Various plans have been suggested for simplifying and equalizing the tariffs, but difficulties of a practical nature present themselves in all of them. The existence of rival lines, built by speculators whose profit is in the construction of them, and which essay to do business at rates less than the cost of the service, necessitates the reduction of our rates along certain routes disproportionately, and prevents the adoption of a general rate strictly proportioned to distance. In the course of the coming year, however, it is expected that the work of revising our whole tariff system will be accomplished, to the satisfaction of all.
ASSERTION THAT COMMERCIAL MESSAGES ARE TRANSMITTED AT A LOSS.
Mr. Hubbard’s assertion that the lowest rate between any large cities in America is 25 cents is incorrect. The tariff between Washington and Baltimore is 10 cents; between New York and Providence, New Haven, Hartford, &c., 20 cents.

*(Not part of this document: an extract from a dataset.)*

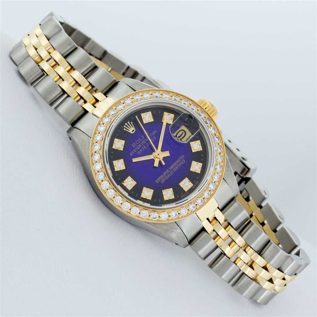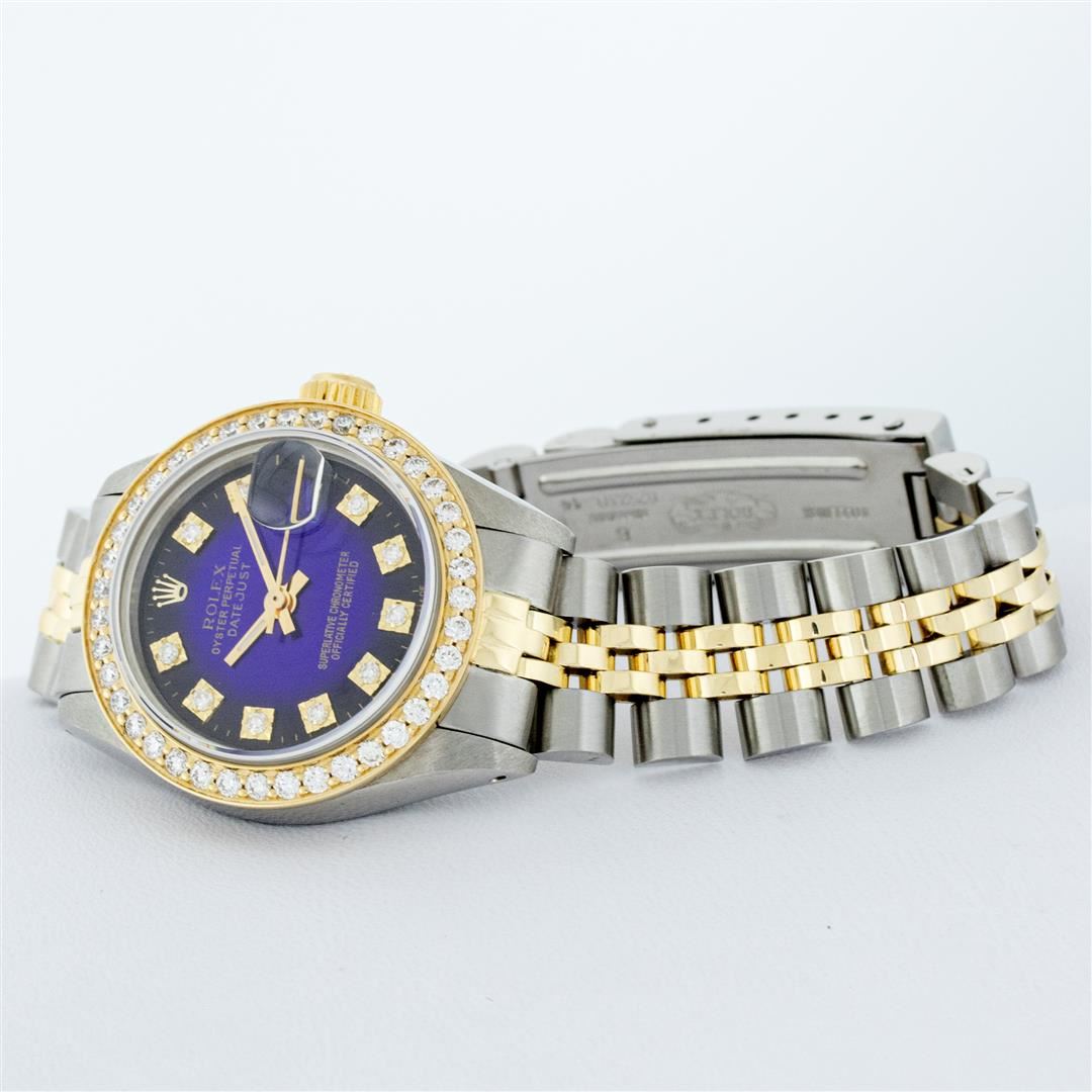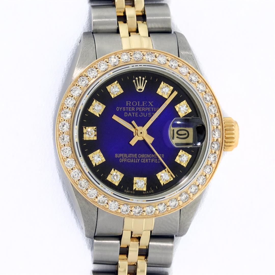 One Ladies Two Tone Rolex Datejust Polished, Serviced & Electronically Tested, Yellow Gold & Stainless Steel Case: 26mm, Yellow Gold Crown, Custom Bezel: New 18K 1ctw Yellow Gold Beadset Diamond Bezel, Diamond Count: 42 Diamonds, Total Weight 1.00 Carat, Clarity: SI-VS, Color: G to H. Custom Crystal: New Synthetic Sapphire Cyclops Lens. Custom Hands: New Luminescent Hands. Movement: Automatic Winding Movement. Custom Dial: Blue Vignette VS Diamond Dial, Diamond Count: 10 Single Cut Diamonds in Dial, G To H In Color, VS Clarity. Date Window: 3 O'Clock Position Date Display, Model: Datejust, Condition: G-6 Extra Fine. Bracelet: Two Tone Yellow Gold & Stainless Steel Jubilee. Bright Polish. 6.0 Inch Length, Adjustable. Standard Clasp, With Rolex Logo. This Watch Has Been Serviced Time Tested And Is In Excellent Condition It Is Free Of All Scratches And Dents.

If it is true, as he states, that “at these rates, under the present system, commercial messages are probably transmitted at a loss,” it may be a matter of regret to the stockholders of the telegraph companies, but affords no just ground for governmental interference. Besides, how will his proposed corporation be able to make money by doing the business at a still lower rate?
Mr. Hubbard says:—
“The history of the telegraph will explain the causes of these different rates. Great competition, in 1852, caused a large reduction in the rates. Soon after the validity of Mr. Morse’s patent was confirmed by the courts many of the competing companies were enjoined and compelled to wind up or sell out, and some failed. In the Eastern and Southern States the American Telegraph Company, in which Mr. Morse and his friends were largely interested, bought out most of the old companies, and continued to occupy their territory for many years without serious opposition.